• **Task instructions**:
Search the data below for the word "inspired" and report how many lines contain it. Nothing but the number is needed.

• **Records shown**:
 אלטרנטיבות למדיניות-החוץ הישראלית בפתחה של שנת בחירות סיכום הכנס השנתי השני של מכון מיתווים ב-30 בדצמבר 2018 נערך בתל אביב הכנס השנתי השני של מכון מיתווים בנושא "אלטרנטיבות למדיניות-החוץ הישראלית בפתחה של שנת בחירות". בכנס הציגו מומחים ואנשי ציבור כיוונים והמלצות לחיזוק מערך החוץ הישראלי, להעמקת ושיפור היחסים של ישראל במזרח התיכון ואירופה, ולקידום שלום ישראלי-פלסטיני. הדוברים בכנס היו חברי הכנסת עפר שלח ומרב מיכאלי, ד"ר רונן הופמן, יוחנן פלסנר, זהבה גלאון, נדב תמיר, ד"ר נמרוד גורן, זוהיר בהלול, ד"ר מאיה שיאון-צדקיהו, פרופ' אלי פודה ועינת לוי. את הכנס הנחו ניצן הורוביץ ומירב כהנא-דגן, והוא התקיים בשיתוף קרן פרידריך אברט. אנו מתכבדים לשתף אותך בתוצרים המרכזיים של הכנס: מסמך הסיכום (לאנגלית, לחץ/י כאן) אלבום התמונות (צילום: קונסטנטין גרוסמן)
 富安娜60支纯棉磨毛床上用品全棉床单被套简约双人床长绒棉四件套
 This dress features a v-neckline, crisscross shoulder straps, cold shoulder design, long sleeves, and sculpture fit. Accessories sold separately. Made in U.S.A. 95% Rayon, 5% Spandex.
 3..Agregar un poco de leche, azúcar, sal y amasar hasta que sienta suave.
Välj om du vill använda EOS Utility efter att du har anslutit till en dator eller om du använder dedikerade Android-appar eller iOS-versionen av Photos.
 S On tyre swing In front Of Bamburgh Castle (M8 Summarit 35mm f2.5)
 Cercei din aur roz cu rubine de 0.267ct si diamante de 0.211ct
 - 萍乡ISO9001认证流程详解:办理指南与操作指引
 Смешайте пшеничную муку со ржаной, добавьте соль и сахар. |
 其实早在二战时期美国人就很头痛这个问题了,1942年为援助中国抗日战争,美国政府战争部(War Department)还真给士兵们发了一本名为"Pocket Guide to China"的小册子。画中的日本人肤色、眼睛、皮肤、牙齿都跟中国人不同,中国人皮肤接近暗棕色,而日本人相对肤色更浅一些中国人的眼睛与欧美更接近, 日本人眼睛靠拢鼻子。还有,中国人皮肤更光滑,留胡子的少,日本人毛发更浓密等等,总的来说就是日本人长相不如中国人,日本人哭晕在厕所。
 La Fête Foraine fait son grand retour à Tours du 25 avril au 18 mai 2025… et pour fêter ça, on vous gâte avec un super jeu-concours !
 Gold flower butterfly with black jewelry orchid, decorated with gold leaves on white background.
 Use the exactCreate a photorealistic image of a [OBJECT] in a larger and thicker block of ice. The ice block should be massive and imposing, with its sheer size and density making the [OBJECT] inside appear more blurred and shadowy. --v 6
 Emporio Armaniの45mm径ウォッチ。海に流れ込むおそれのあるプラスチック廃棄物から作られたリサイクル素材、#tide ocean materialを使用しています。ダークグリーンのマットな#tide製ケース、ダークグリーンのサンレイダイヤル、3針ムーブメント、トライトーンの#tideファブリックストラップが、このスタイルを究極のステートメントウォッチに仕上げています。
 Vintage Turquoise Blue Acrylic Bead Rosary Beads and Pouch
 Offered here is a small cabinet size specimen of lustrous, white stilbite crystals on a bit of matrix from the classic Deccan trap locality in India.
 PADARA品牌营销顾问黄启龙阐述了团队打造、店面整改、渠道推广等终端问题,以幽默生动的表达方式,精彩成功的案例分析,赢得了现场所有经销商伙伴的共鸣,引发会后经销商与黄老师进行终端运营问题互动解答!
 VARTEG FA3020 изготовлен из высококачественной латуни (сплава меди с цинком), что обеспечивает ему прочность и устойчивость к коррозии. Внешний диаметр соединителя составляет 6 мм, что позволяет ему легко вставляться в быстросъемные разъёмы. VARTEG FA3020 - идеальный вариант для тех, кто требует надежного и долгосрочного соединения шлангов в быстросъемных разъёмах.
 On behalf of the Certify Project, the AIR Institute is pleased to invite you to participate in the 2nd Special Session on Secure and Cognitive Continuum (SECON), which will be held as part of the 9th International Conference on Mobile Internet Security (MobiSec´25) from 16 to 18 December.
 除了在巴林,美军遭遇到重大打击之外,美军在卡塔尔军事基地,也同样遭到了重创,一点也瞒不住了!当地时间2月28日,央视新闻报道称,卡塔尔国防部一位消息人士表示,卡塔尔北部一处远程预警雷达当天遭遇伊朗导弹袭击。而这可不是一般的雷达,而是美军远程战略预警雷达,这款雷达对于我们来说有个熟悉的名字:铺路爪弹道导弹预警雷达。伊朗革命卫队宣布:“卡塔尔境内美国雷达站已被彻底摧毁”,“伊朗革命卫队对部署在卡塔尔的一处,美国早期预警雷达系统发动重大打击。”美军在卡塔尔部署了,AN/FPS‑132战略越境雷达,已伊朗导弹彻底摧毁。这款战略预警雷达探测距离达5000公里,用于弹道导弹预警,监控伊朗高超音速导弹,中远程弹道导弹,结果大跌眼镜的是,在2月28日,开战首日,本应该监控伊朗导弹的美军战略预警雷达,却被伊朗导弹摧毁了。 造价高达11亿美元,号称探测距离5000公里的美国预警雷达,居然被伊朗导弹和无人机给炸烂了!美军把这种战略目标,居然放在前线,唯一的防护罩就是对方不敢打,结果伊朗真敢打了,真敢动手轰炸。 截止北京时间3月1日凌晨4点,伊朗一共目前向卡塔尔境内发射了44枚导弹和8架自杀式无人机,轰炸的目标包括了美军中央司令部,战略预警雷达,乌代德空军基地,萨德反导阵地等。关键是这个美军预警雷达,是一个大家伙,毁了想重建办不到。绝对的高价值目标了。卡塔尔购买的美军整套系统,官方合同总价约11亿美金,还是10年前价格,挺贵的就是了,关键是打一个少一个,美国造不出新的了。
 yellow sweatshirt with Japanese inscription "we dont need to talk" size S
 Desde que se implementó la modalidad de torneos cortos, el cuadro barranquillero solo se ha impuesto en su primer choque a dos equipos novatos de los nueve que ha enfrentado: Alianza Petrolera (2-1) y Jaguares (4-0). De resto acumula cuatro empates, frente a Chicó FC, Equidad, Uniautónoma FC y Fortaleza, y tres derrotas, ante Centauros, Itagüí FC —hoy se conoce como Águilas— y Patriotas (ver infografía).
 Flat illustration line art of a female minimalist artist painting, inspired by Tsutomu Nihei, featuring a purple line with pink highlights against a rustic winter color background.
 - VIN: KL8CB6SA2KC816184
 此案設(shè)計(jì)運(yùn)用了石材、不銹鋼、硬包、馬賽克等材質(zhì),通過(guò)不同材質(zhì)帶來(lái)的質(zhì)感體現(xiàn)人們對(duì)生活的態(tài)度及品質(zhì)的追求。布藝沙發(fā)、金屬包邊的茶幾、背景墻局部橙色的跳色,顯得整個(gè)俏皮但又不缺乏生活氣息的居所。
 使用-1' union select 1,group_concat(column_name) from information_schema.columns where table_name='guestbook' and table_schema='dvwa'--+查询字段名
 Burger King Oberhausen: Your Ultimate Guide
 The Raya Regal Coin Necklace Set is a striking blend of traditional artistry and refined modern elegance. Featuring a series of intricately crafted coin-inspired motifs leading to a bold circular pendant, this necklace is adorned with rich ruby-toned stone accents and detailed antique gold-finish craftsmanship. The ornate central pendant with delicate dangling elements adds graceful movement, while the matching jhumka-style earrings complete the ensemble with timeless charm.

• **Exercise response**:
2